Catfish farming is easy. As the season draws near, we build a fish bowl in the mud at the water’s edge. The hole is a little more than half a metre deep and two metres wide. We have hundreds of small catfish and some adults in this hole.

Mariam Koné:
Who sells you the fingerlings?

Mohamed Farota:
A big fisher family and a private fish hatchery.

Mariam Koné:
Do you face any other challenges?

Mohamed Farota:
We have problems with water. This is often due to poor management of the irrigation water by the authorities. We have problems with predators like toads, reptiles, and birds that eat the fingerlings. This is why I add dozens of extra fingerlings to the quantity I should normally have, so that I can harvest the expected quantity. The third challenge is theft. Robbers spy on us and steal our fish when we are away from the field. That is why we must spend a lot of time in the field during the harvesting period, even at night.

Mariam Koné:
How long does it take to harvest the fish?

Mohamed Farota:
Three days. To be able to smoke catfish in good conditions, it is better to catch the fish and smoke it the same day.

Mariam Koné:
Dear Mohamed, I thank you for spending your precious time with me. Do you have anything to add before we separate?

Mohamed Farota:
I recommend that other farmers try integrated fish and rice farming because it is a good solution for food insecurity for small-scale farmers like us.

Mariam Koné:
Mamadou Traoré is the head of Antenne Pêche in Baguinéda. Antenne Pêche is a government department in charge of promoting fishing and fish farming in the area. Mr. Traoré provides advice to integrated fish and rice farmers. He also supervises the fish hatchery that the government of Mali is building to help producers in this area have easy access to fingerlings. Mr. Traoré regularly visits rice fields to see the state of the fish pits. We met him standing in the middle of some rice fields talking with Moriba, an integrated fish and rice farmer who was complaining that his fingerlings were not fattening up.

Mariam Koné:
Good morning, my brave farmers!

Mamadou and Moriba:
(LAUGH) Good morning, Mrs.! How are you doing?

Mariam Koné:
As we say in Mali, not bad. I am looking for Mr. Traoré, the head of Antenne Pêche ─ (JOKING) and who is by the way my slave!

Mamadou Traoré:
(LAUGHS) So! I can tell by listening to your voice that you are a little Diarra or Koné. Let me warn you, there are no beans here! (Editor’s note: This is a joke. Beans are the Diarra and Koné peoples’ preferred food.) We produce rice and fish here.

Welcome to the irrigated lowland of Baguinéda! I am Mamadou Traoré, your master. (Editor’s note: He is continuing the joke. In the past in Mali, people from the Koné tribe were slaves of the Traoré).

Mariam Koné:
Thank you for the warm welcome.

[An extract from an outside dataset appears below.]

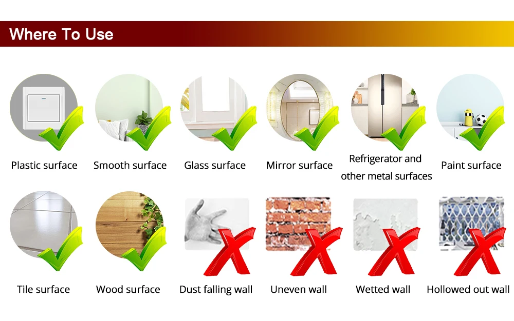1. Upewnij się, że powierzchnia, która ma być przymocowana, jest gładką powierzchnią i że występują wypukłości, mikstury i zmarszczki. Nie trzymaj się.

But I am not here today for beans I am interested in integrated rice and fish farming.

I am from L’Annonceur newspaper. I came here to talk to Mohamed Farota because I heard about his commitment to this kind of farming. He talked about you during our discussion. What role do you play in promoting integrated rice and fish farming?

Mamadou Traoré:
The mission of the OPIB officers is to coach, organize, and support rice-fish farmers with technical advice.

Mariam Koné:
What are the results?

Mamadou Traoré:
They get a good yield of rice and fish. Rice-fish farming is an effective way to fight food insecurity.

Mariam Koné:
Mohamed talked about a compost pit under the water. Can you explain how the process works?

Mamadou Traoré:
The farmer must dig a pit at least one metre deep and five metres wide where fish can take refuge. He or she must also build trenches about 0.60 metres deep and 0.80 metres wide on each side of the rice plot that lead to this refuge and help fish move easily within it. The total area of the pit should not be more than 10% of the surface of the rice plot. The mud from digging the pits and trenches is used to strengthen the mud bunds between the trenches. The bunds must be at least a half-metre high. Adding compost to this fish refuge continuously fertilizes the water.

Mariam Koné:
Is the compost added to the rice fields after harvest when the water is removed from the paddy fields?

Mamadou Traoré:
Yes, you are right. You must prepare the rice plots by pulverizing, harrowing, leveling the soil, puddling and transplanting. Then, we flood the rice plants up to 20 centimetres deep.

Mariam Koné:
What happens with the fish? Do you add them right after the field is flooded?

Mamadou Traoré:
No. We wait a few days after the rice is transplanted, when the rice plants recover. We monitor the growth of the fish and the rice and maintain the whole system up to harvest.

Mariam Koné:
What benefits does rice-fish farming offer to the soil and to rice production?

Mamadou Traoré:
Rice-fish farming protects rice against insect pests because the fish eat some of them. It also reduces the need for chemical fertilizer and improves soil structure through continuous organic fertilization, which helps increase rice yield.

Mariam Koné:
Mohamed told me he has had problems with the high cost of fingerlings. How can the OPIB solve this issue?

Mamadou Traoré:
The government is developing a fish hatchery so that we can provide rice-fish farmers with a high volume of quality fingerlings at a low cost.

Mariam Koné:
How much will you charge for your fingerlings?

Mamadou Traoré:
We will charge 75 CFA each for all species.

Mariam Koné:
Thank you, Mamadou, for these technical details, which will help our listeners better understand some of the issues. Do you have any last words?

Mamadou Traoré:
As a rural development and extension officer, I would like to urge everyone, including decision-makers, technical and financial partners, extension agents, researchers, communities, and everyone else to advocate for the development of rice-fish farming that I call “tô ni nan sôrô duman” in the Bambara language, which means “the best way to get rice with good sauce.”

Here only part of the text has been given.